In This Article:
-
Ending ARR: $20 million, compared to $23.9 million in Q1 last year; adjusted growth of 11% excluding a lapsed $5.8 million contract.
-
Total Revenue: $9.4 million, a decrease of 6% from $9.9 million in Q1 last year.
-
Subscription Revenue: $5.3 million, down 8% from $5.8 million in Q1 last year; adjusted increase of 13% excluding expired contract impact.
-
Service Revenue: $4.1 million, a decrease of 3% from $4.2 million in Q1 last year.
-
Subscription Gross Profit Margin: 86%, down 1 percentage point from Q1 last year.
-
Service Gross Profit Margin: 65%, up 9 percentage points from Q1 last year.
-
Operating Expenses: $18.2 million, up 6% from $17.1 million in Q1 last year.
-
Non-GAAP Operating Expenses: $16.5 million, up 19% from $13.8 million in Q1 last year.
-
Net Loss Per Share: $0.55, compared to $0.50 in Q1 last year.
-
Non-GAAP Net Loss Per Share: $0.40, compared to $0.27 in Q1 last year.
-
Cash and Short-term Investments: $21.6 million at the end of the quarter.
-
Free Cash Flow Usage: $5.6 million, down from $8.6 million in Q1 last year; $3.5 million excluding onetime severance costs.

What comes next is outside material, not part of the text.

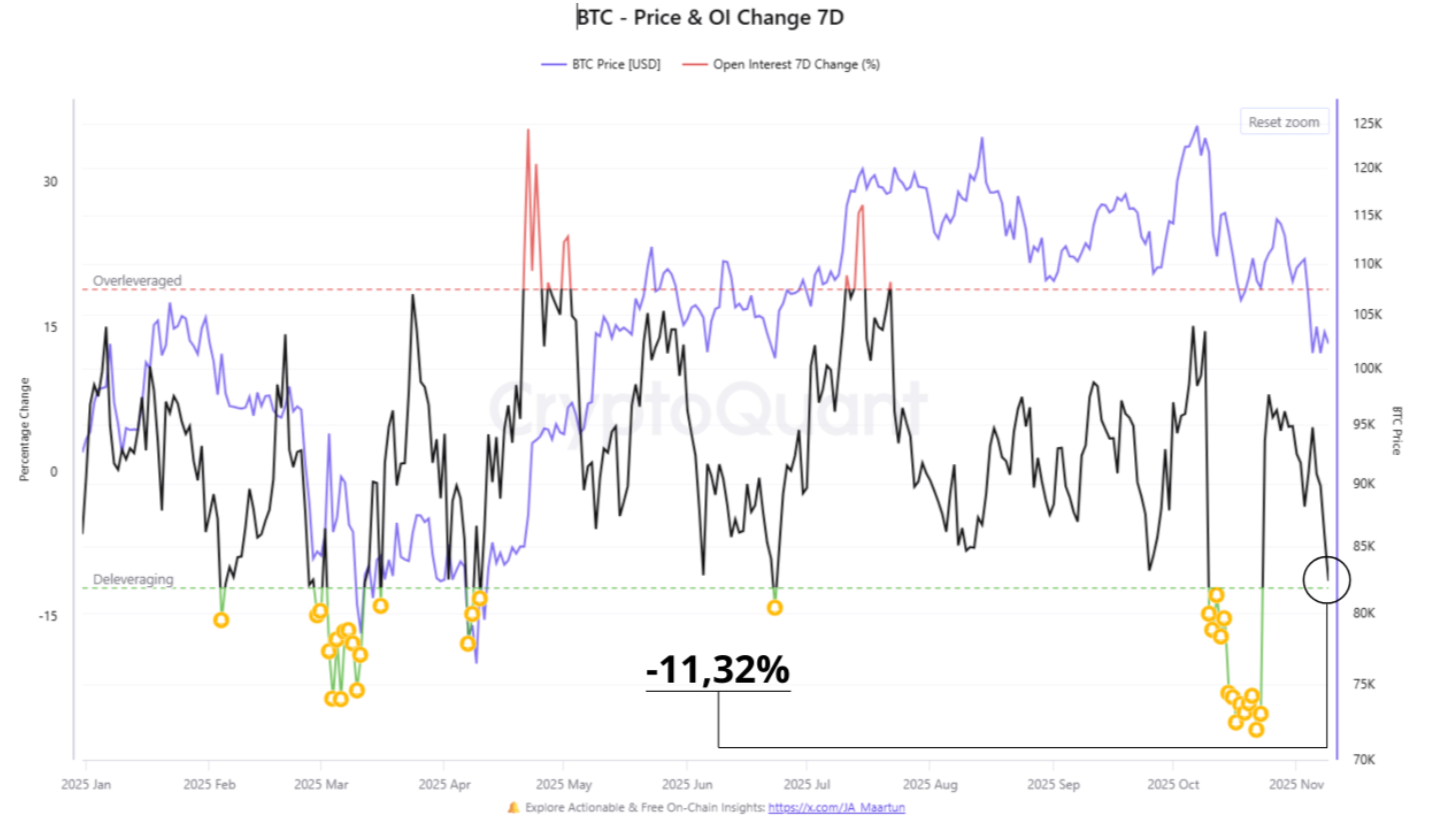 Theo CryptoQuant, open interest (OI) - tổng lượng vị thế mở trên thị trường hợp đồng tương lai - đã giảm hơn 11% chỉ trong vòng một tuần. Đây là tín hiệu cho thấy nhà đầu tư đang rút khỏi các vị thế rủi ro ngắn hạn.

Release Date: May 05, 2025
For the complete transcript of the earnings call, please refer to the full earnings call transcript.
Positive Points
-
Digimarc Corp (NASDAQ:DMRC) has narrowed its focus to three specific opportunity sets: retail loss prevention, physical authentication, and digital authentication, which has led to significant technological and market advancements.
-
The company has grown its annual recurring revenue (ARR) almost five times over the last four years by focusing on areas with deep product market fit.
-
Digimarc Corp (NASDAQ:DMRC) has tripled its commercial subscription revenue since Q2 2021, excluding the end-of-life piracy intelligence business.
-
The company expects to achieve sustainable free cash flow generation for the first time in over 12 years, with significant top-line growth anticipated in 2026 and beyond.
-
Digimarc Corp (NASDAQ:DMRC) has formed a partnership with a fellow supplier to enhance loyalty and reward programs, which has already introduced them to four new customers.
Negative Points
-
Ending ARR for Q1 was $20 million, down from $23.9 million in Q1 last year, reflecting a decrease due to a lapsed commercial contract.
-
Total revenue decreased by 6% from $9.9 million in Q1 last year to $9.4 million this year, with subscription revenue decreasing by 8%.
-
Operating expenses increased by 6% to $18.2 million, primarily due to $3.2 million in onetime cash severance costs and higher professional services costs.
-
Free cash flow usage was $5.6 million in Q1, including $2.1 million in onetime severance-related costs, with expectations of higher cash flow usage in Q2 due to increased legal and public relations costs.
-
The company anticipates lower subscription gross profit margins in the next couple of quarters due to platform consolidation, with a recovery expected post-migration.